- WHAT YOU WILL DO: Repeat only the lines between the one with "2024 가을/겨울 컬렉션을" and the end of the material below, both ends included. Omit any picture.

»»

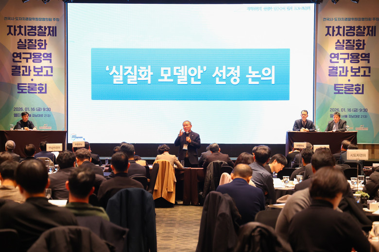 [서울 세계타임즈=이장성 기자] 전국 시도자치경찰위원장협의회(전라남도자치경찰위원회 정순관 회장)는 지난 1월 16일(금), 서울에서 ‘자치경찰제 실질화 연구용역 결과 보고 및 토론회’를 개최했다. 서울특별시자치경찰위원회와 전라남도자치경찰위원회가 공동 주관한 이번 토론회는 현 정부의 핵심 국정과제인 ‘이원화 자치경찰제 단계적 시행’을 앞두고, 전국 시도자치경찰위원회가 지향하는 ‘완전한 자치경찰제’의 구체적인 방향을 공유하고 공동 대응 방안을 모색하기 위해 마련되었다.
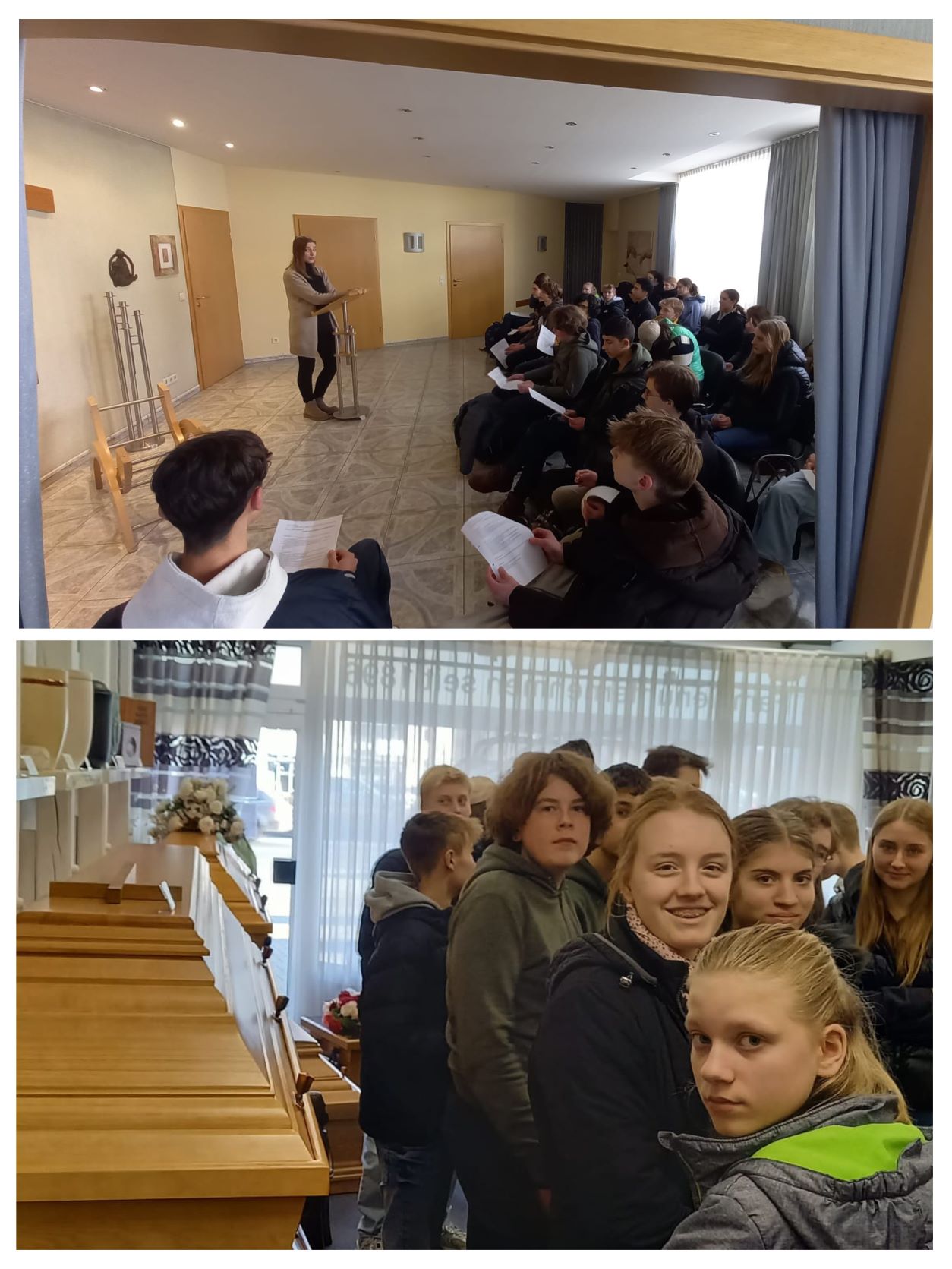 Im Namen unseres Unterrichtsthemas „Abschied nehmen – Umgang mit Trauer und Leben nach dem Tod“, hat sich der katholische Religionskurs der Klassen 9b&c gemeinsam mit Herrn Willebrand am vergangenen Dienstag, den 14. Februar 2023 auf den Weg zum naheliegenden Bestattungsinstitut Konert gemacht, um einen Einblick in die Aufgabenbereiche eines Bestatters zu erhalten. Wir wollten erfahren, wie denn der Bestatter selbst mit dem Tod im Alltag zurechtkommt und wie es ist, Tag für Tag mit dem Sterben konfrontiert zu werden. Des Weiteren wollten wir erfahren, was genau mit dem Leichnam geschieht, wie genau dieser auf die Bestattung vorbereitet wird und welche Möglichkeiten man als Angehöriger hat. Nachdem wir von der Mitarbeiterin Frau Wennig, welche seit fünf Jahren für die Familie Konert und ihren Betrieb arbeitet, willkommen geheißen wurden, erklärte sie uns zunächst einiges über ihren Alltag als Bestatterin.
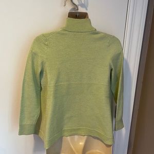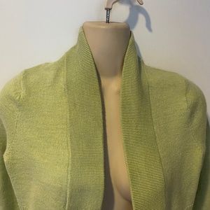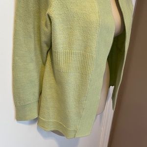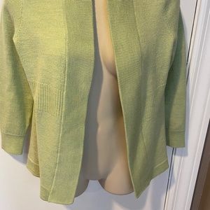 Talbots Merino wool open cardigan. Size LP. This pretty sweater has cute details like ribbed hem/sleeves, and ribbed around the waist for added shape. Pure merino wool. 3/4 length sleeve. Sweater is in wonderful condition -- there may be some slight pilling. Approximate measurements: armpit to armpit (measured on back since open in front) = 16" and length = 22"
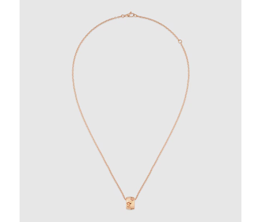2024 가을/겨울 컬렉션을 위해 아이콘 주얼리 컬렉션은 둥근 실루엣에 새로운 GG 컷아웃 모티프를 선보입니다. 18k 로즈 골드 소재의 이 목걸이 위에는 하우스의 시그니처 모티프가 펜던트로 장식되어 있습니다. 목걸이는 길이 조절이 가능하여 편안하게 착용할 수 있습니다.
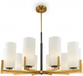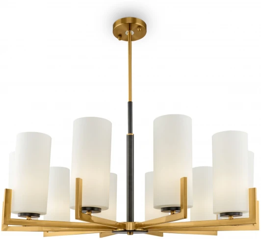 Арматура из металла, оттенок — латунь. Стеклянные плафоны в белом цвете. Часть элементов окрашена в контрастный черный оттенок. Геометрия в дизайне: цилиндрические плафоны, прямоугольные рожки.

««

- WORKED SOLUTION:
2024 가을/겨울 컬렉션을 위해 아이콘 주얼리 컬렉션은 둥근 실루엣에 새로운 GG 컷아웃 모티프를 선보입니다. 18k 로즈 골드 소재의 이 목걸이 위에는 하우스의 시그니처 모티프가 펜던트로 장식되어 있습니다. 목걸이는 길이 조절이 가능하여 편안하게 착용할 수 있습니다.
 Арматура из металла, оттенок — латунь. Стеклянные плафоны в белом цвете. Часть элементов окрашена в контрастный черный оттенок. Геометрия в дизайне: цилиндрические плафоны, прямоугольные рожки.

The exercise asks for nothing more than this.